Perhaps what offers this story a poignancy and intimacy is exactly what holds it back as well. The small stage and makeshift set transitions, during which the characters, for an all too brief moment, fumble about as they set up the stage for the next act. In these changes, they render themselves no longer as Faith, Hope or Lobengula–with their perfect African accents and dialects–but as stagehands from London. This break in character and flow for a play executed in such small quarters is maybe to be expected and can almost be forgiven — but the lack of crispness in the script expounds this to such an extent that you are left to wonder where an act ends and where it begins. Is this an interlude or is this part of the play? 

Sitting outside the theatre hall reading the synopsis again, I was thrown back to an LBC radio sound bite from summer of 2020 featuring Labour MP David Lammy passionately trying to convince otherwise a well-spoken, educated, and articulate 'Englishwoman' who was claiming that he was not English but that he could be (he ‘was not’, but could be) British.
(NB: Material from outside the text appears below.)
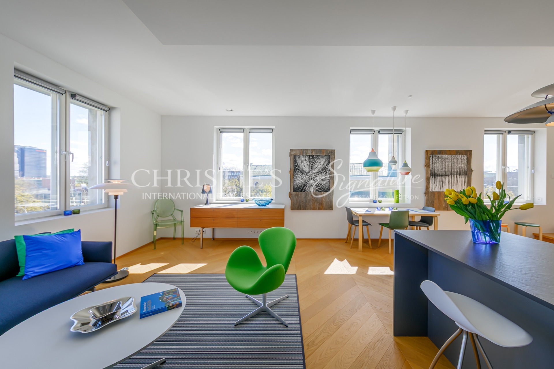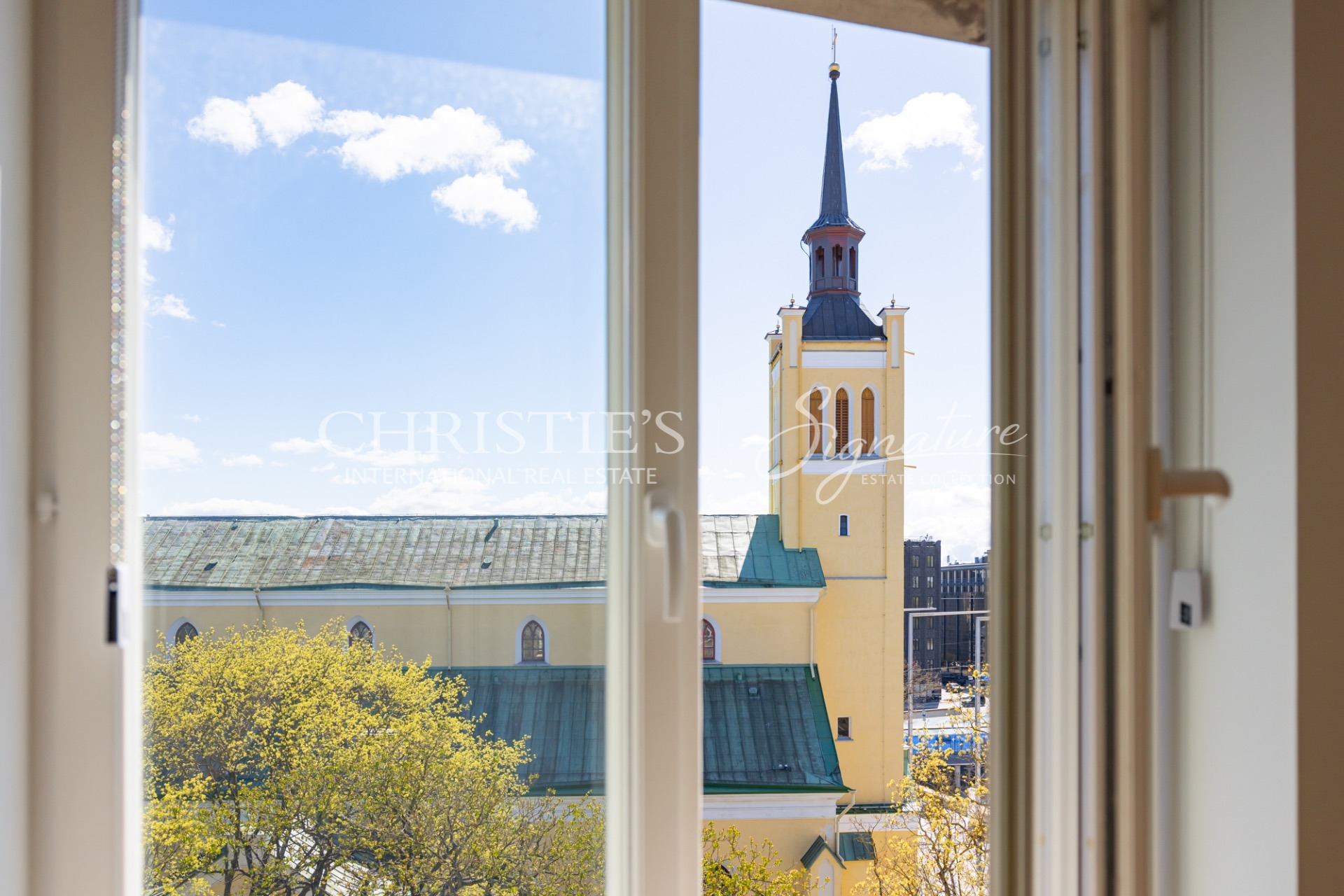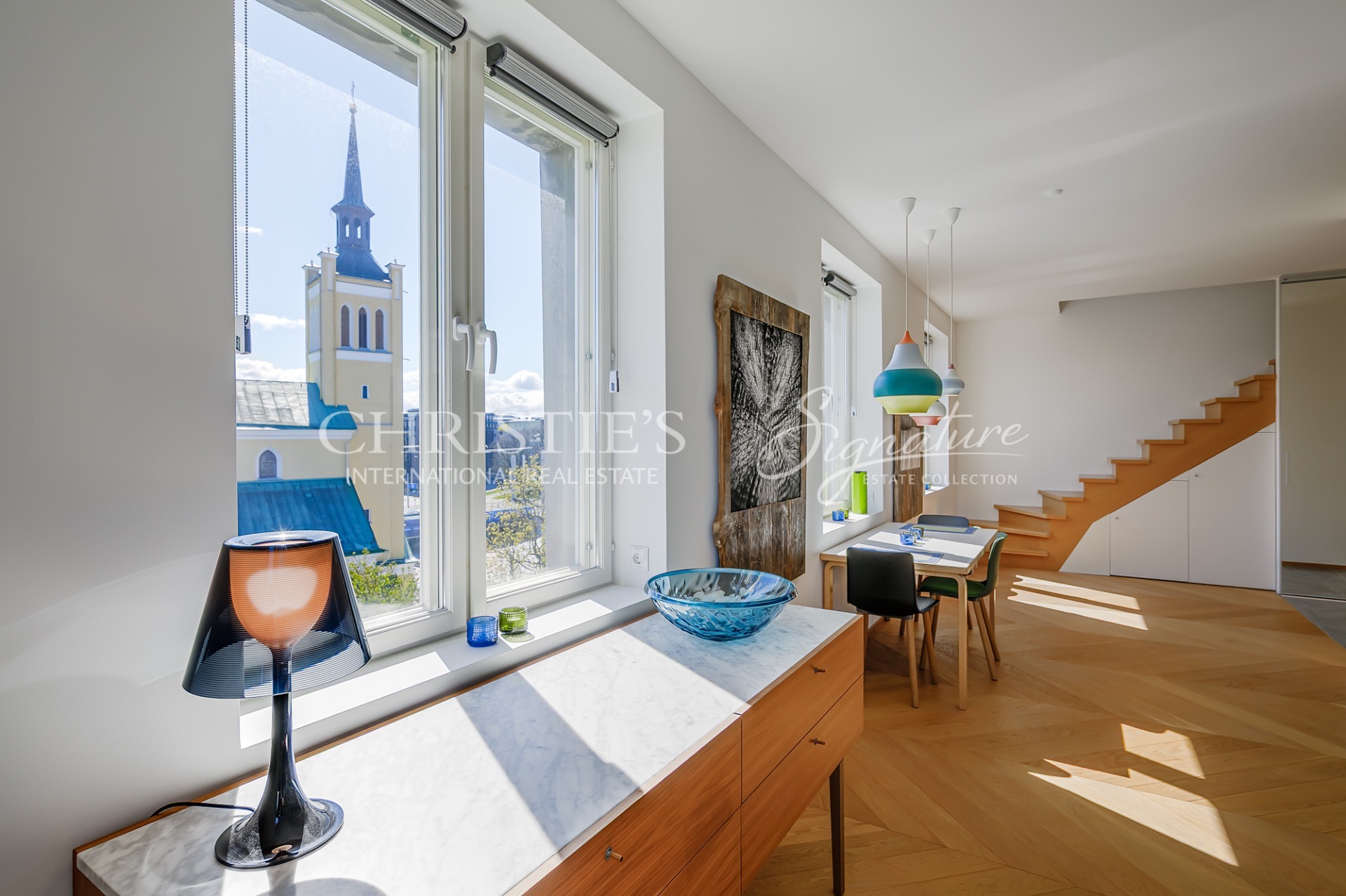This exclusive 80,5 m² penthouse apartment with 83,6 m² total floor area is spread out over two floors and is for sale in a prime location in an iconic building at the edge of Tallinn’s Old Town – where unique dining, a rich cultural and educational environment and the medieval Old Town as a UNESCO World Heritage Site meet. The apartment offers unrivalled and unique views of Freedom Square and benefits from a direct south and east exposure meaning that it is full of light.

Such events–vivid in our memory from that dreadful summer of 2020–underscore the immediacy and the potency of the subject matter being dealt with here. And unfortunately, that is one responsibility this play has certainly neglected by attempting too many plot lines and not fleshing them out enough.

In all earnest, this is 'bold and experimental' small theatre! And thus, along with it are all the tropes that one would expect and come to require of it. Go expecting that and only that and you won’t be disappointed. But, on the other hand, if you want a telling exposition of the intricacies of cultural and national identities in the 21st century, it is only all too well to skip Malindadzimu!